Who is Really Indentured Under Obamacare?

Should we care if people decide to work less because they get more government benefits? Writing at Salon Brian Beutler says we should focus on the benefit to individuals who are no longer indentured at jobs they don’t want because of health care costs.

Beutler’s headline says conservatives have rediscovered their “love for indenture.” If you look up “indenture” the definition will be something like “A contract binding one party into the service of another for a specified term.” In this case, he’s talking about people being bound to jobs because of insurance costs.

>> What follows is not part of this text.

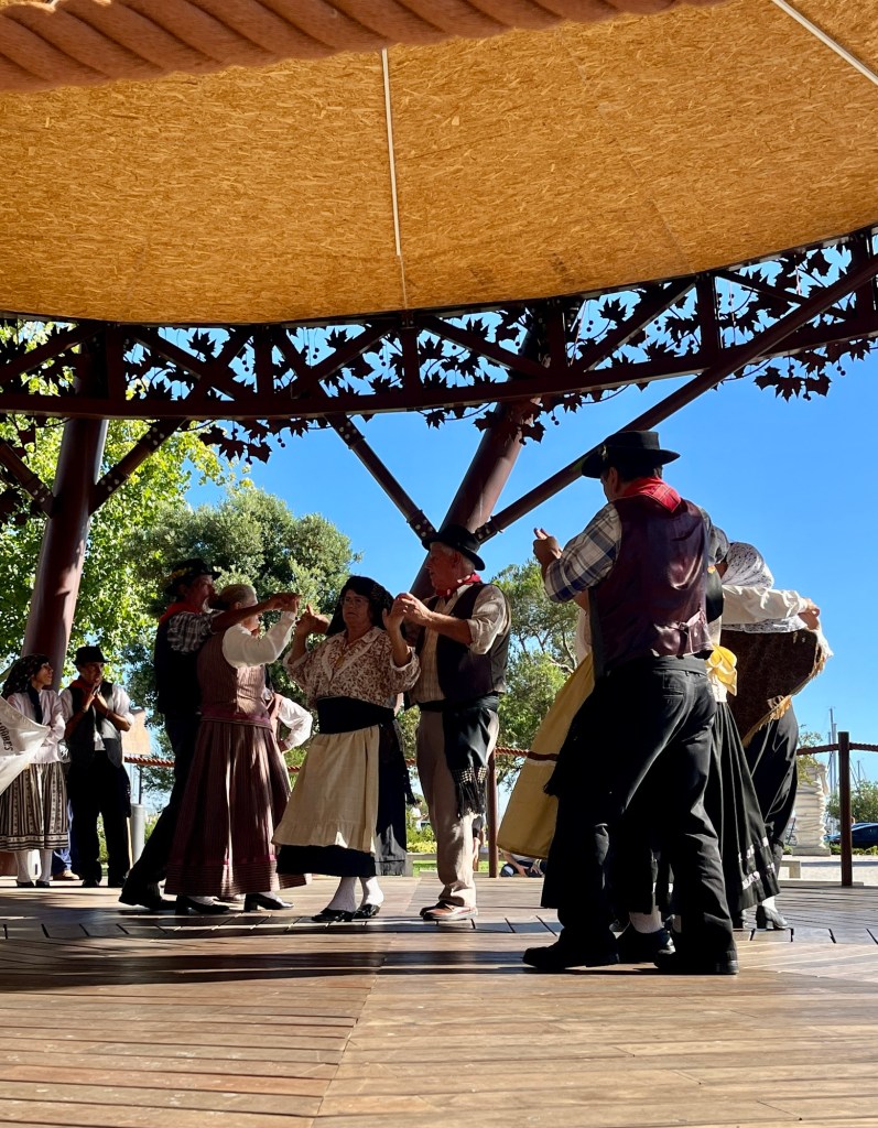 Da vi nåede til Nordspanien, mærkede vi for alvor at komme lidt væk fra alfarvej og den moderne livsstil. Der var langt mellem turisterne i de små havnebyer, og her røg vi nu ned i et endnu lavere gear og ind i en noget anden verden og tilgang til livet. Her leves livet stille og roligt – udenfor – i samvær med andre. I Spanien fik vi fornemmelsen af, at folk – i hvert fald udadtil, virker glade og tilfredse med deres liv. Der hersker en anden form for livsglæde, og folk virker mere til stede og som om, de lever mere i nuet og ‘bare er’ i stedet for, som vi nogle gange kan være slemme til derhjemme, hele tiden at se fremad, planlægge, efterstræbe det næste nye, hvad end det er et nyt job, en forfremmelse, den næste rejse til et nyt eksotisk sted, designertøj, – tasker, -sko eller -møbler. Når folk har fri, samles de på torvet, under træerne, på den lokale stamcafe. Det virker ikke altid til, at de kender hinanden, men de kommer hinanden ved. Og de danser! Alene eller i par, det er ligegyldigt, når der i weekenden spilles op på det lokale torv. Her fandt vi ingen materialistisk manifestation af dyre designertasker men derimod masser af rigdom i form af livsglæde, attitude og selvværd. Det var befriende, det var livsbekræftende, og det var misundelsesværdigt.

The whole debate is based on a new CBO report released this week which showed that the equivalent of 2.5 million people would choose not to work thanks to Obamacare. This estimate is based on working hours so the actual number who choose not to have a job at all will be much lower and the number who choose to simply work fewer hours will make up the rest. In any case, Beutler asks us to imagine two people and then judge which one is deserving of “government intervention.”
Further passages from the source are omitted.